----- Records to use -----

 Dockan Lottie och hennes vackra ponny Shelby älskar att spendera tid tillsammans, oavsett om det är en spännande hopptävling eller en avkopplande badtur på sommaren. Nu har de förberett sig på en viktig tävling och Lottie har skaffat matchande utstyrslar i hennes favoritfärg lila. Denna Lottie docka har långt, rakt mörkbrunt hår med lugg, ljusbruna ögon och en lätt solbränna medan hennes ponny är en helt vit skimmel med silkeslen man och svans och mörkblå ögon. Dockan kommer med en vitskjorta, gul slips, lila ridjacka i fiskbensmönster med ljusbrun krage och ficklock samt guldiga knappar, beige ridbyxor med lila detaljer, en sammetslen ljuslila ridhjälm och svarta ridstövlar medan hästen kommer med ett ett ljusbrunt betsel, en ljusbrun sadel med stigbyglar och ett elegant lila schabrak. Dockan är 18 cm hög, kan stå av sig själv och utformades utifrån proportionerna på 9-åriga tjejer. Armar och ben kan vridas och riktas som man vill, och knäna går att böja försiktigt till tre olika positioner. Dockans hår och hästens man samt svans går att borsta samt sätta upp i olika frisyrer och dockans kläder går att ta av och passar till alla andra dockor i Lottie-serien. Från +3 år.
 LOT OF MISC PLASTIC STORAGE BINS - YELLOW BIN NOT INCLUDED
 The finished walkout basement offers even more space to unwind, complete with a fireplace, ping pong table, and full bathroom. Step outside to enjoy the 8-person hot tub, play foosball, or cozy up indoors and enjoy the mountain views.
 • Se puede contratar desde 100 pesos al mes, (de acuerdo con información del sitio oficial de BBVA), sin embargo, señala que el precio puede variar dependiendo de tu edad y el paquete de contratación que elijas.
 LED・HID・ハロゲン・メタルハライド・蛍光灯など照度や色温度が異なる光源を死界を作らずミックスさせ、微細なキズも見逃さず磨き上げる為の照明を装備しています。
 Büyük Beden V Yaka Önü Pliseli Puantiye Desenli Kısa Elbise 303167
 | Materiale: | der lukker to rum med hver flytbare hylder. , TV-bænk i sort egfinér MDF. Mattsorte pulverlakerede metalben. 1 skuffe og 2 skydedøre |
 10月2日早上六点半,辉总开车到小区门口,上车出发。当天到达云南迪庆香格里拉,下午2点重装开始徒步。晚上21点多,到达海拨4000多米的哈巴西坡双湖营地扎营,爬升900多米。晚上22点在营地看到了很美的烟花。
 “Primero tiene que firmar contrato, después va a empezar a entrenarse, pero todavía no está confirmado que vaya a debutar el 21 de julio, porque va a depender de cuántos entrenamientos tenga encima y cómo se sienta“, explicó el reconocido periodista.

-----
----- Records to use -----

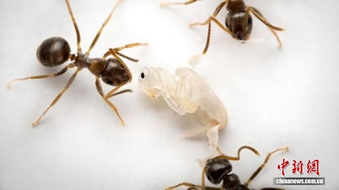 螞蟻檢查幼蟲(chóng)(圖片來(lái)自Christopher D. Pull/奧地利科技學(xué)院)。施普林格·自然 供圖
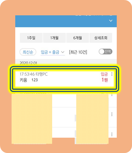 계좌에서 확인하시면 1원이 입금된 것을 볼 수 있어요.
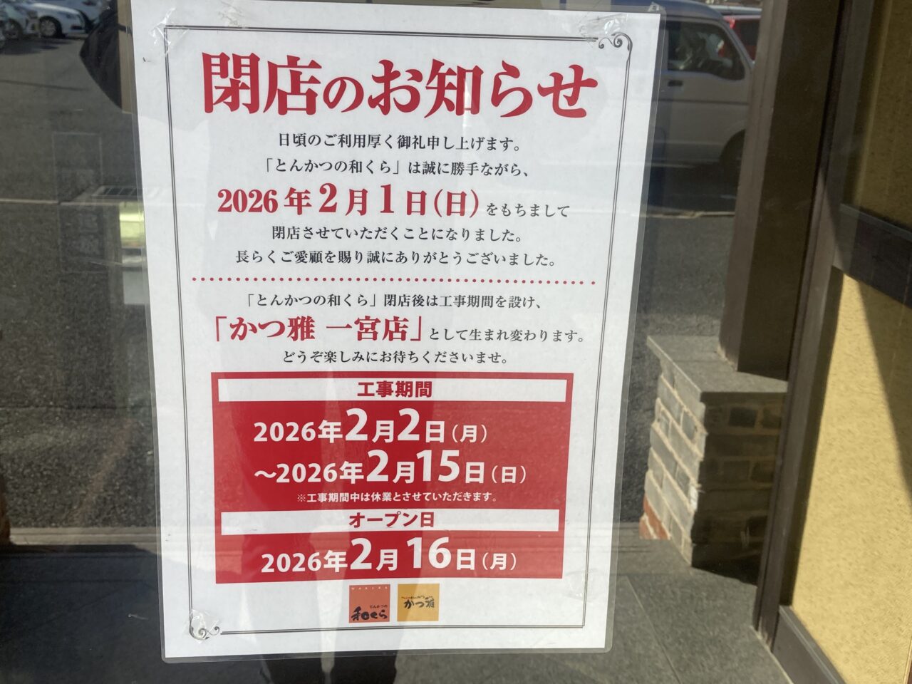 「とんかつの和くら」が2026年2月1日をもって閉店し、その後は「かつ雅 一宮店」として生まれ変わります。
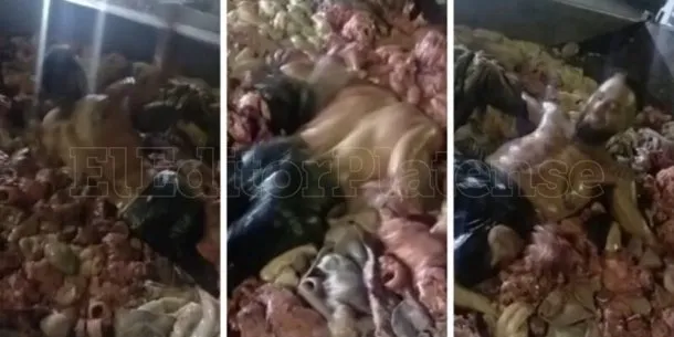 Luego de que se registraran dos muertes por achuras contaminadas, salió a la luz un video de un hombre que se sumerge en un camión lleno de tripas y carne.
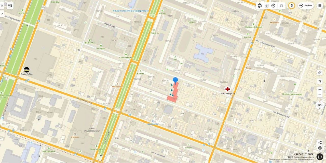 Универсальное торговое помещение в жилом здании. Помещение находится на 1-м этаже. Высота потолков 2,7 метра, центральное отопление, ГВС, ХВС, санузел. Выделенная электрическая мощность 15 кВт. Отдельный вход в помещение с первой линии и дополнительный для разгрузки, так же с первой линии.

-----

Your assignment → All that is wanted is the lines above between the one containing "계좌에서 확인하시면 1원이 입금된 것을 볼 수 있어요." and the one containing "Luego de que", inclusive, restated word for word, with pictures omitted.

Written solution →
 계좌에서 확인하시면 1원이 입금된 것을 볼 수 있어요.
 「とんかつの和くら」が2026年2月1日をもって閉店し、その後は「かつ雅 一宮店」として生まれ変わります。
 Luego de que se registraran dos muertes por achuras contaminadas, salió a la luz un video de un hombre que se sumerge en un camión lleno de tripas y carne.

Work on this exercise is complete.